An exact transcription is needed of the lines below from the one with "能面万媚纹身手稿_52张日式能剧面具纹身手稿图案素材欣赏" through the one with "关于珠海市省级促进经济高质量", with no other lines and no pictures.

▶ DATA LISTING
────────────────────
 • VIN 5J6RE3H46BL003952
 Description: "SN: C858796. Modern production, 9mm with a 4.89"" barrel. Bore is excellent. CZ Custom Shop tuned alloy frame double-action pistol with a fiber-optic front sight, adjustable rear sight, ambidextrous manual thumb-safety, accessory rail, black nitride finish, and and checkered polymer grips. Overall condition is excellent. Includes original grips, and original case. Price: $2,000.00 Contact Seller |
────────────────────
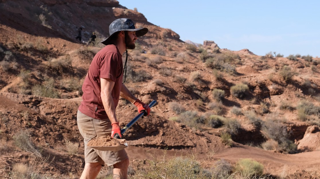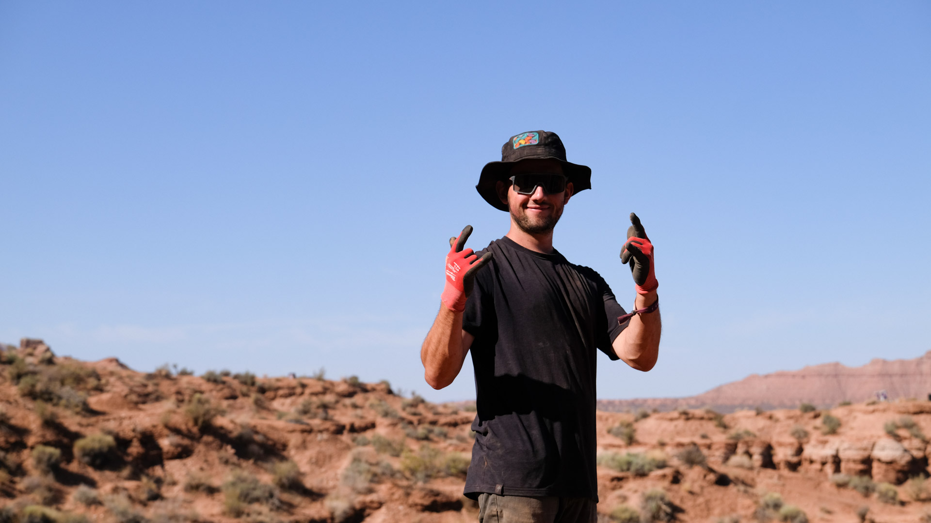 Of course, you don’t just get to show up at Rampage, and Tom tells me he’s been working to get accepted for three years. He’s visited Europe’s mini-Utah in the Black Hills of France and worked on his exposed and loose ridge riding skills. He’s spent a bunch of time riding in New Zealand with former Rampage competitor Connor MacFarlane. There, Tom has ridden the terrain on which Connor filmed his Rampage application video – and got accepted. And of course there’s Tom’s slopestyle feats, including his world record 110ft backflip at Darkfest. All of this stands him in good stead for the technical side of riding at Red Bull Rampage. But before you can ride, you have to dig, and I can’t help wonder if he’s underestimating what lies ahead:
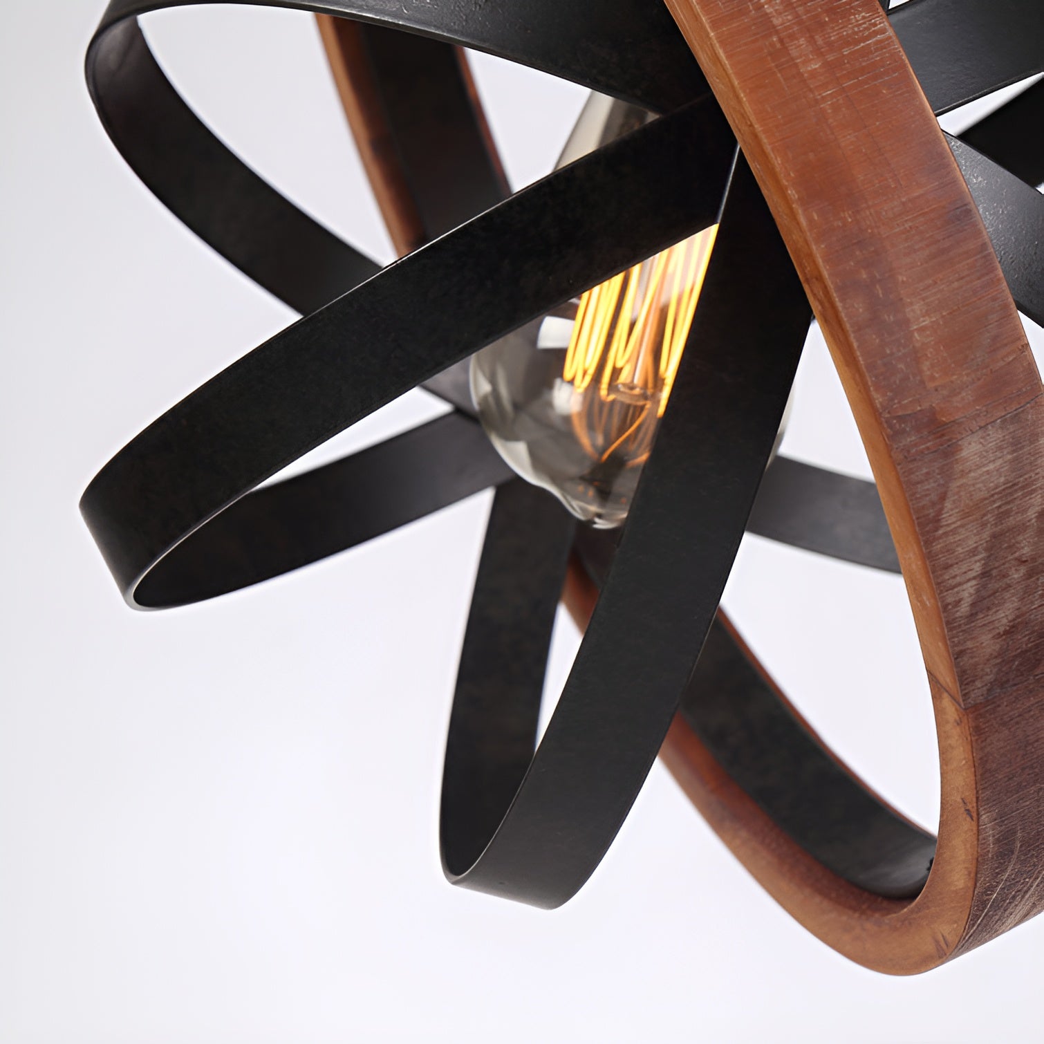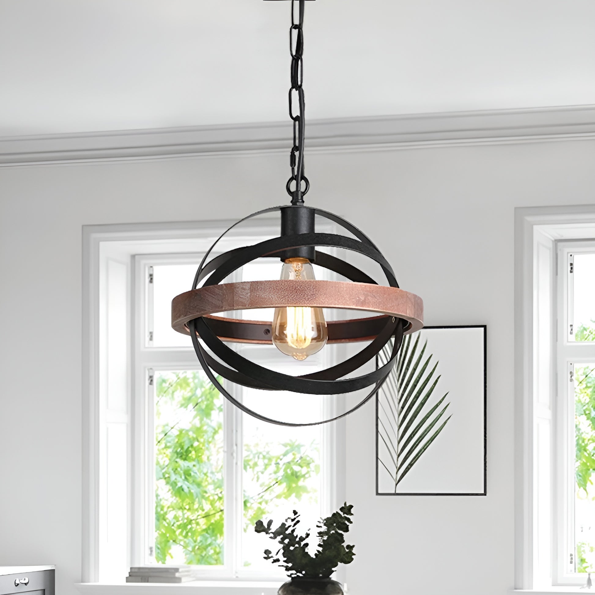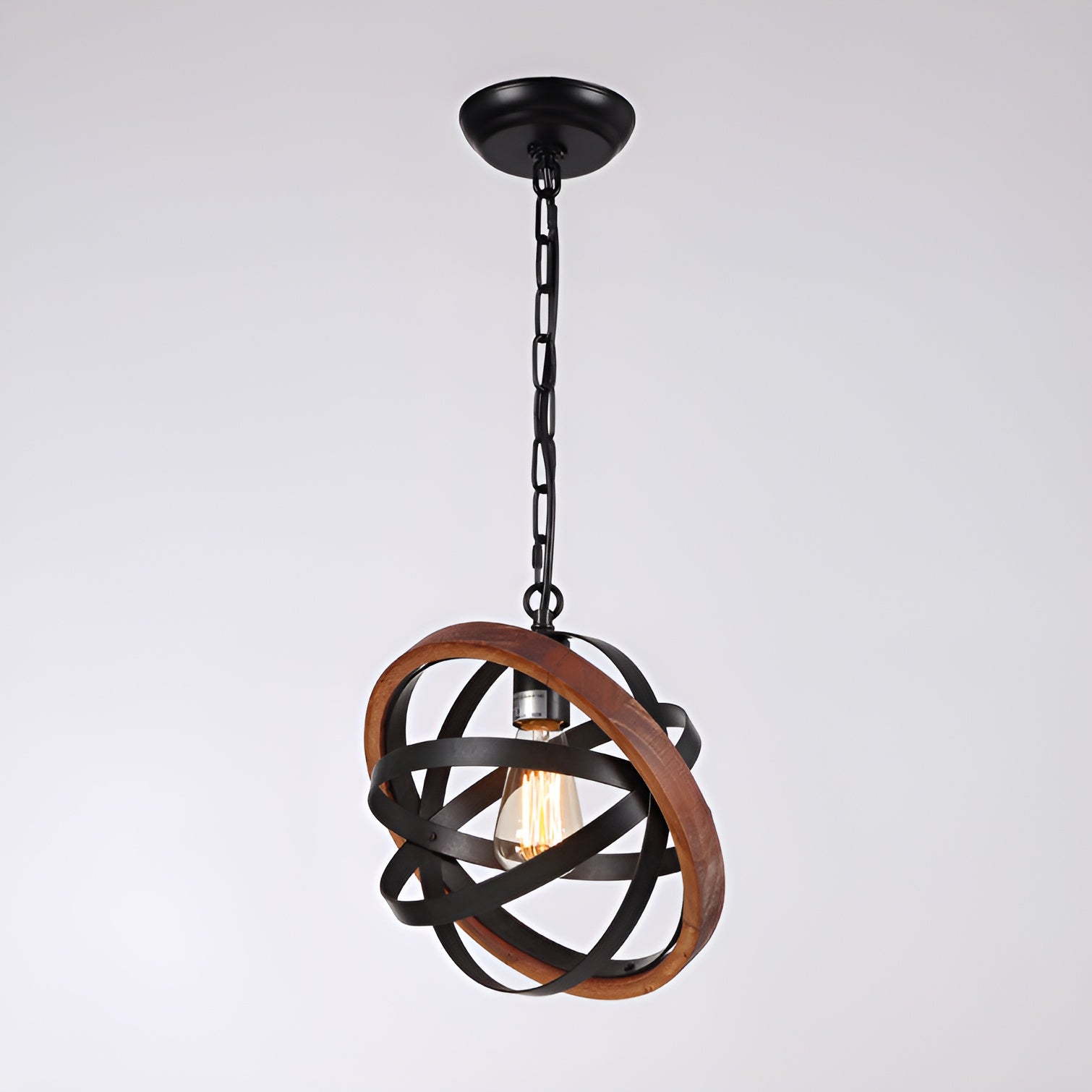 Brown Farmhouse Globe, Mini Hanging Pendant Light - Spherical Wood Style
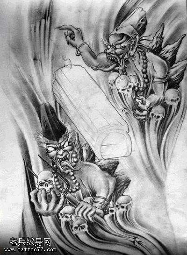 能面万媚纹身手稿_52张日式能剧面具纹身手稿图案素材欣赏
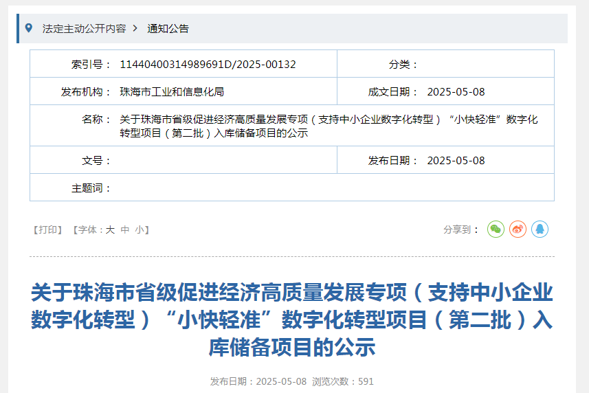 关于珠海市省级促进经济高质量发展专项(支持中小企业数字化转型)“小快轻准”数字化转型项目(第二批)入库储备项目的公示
────────────────────
▶ EXERCISE RESULT
 能面万媚纹身手稿_52张日式能剧面具纹身手稿图案素材欣赏
 关于珠海市省级促进经济高质量发展专项(支持中小企业数字化转型)“小快轻准”数字化转型项目(第二批)入库储备项目的公示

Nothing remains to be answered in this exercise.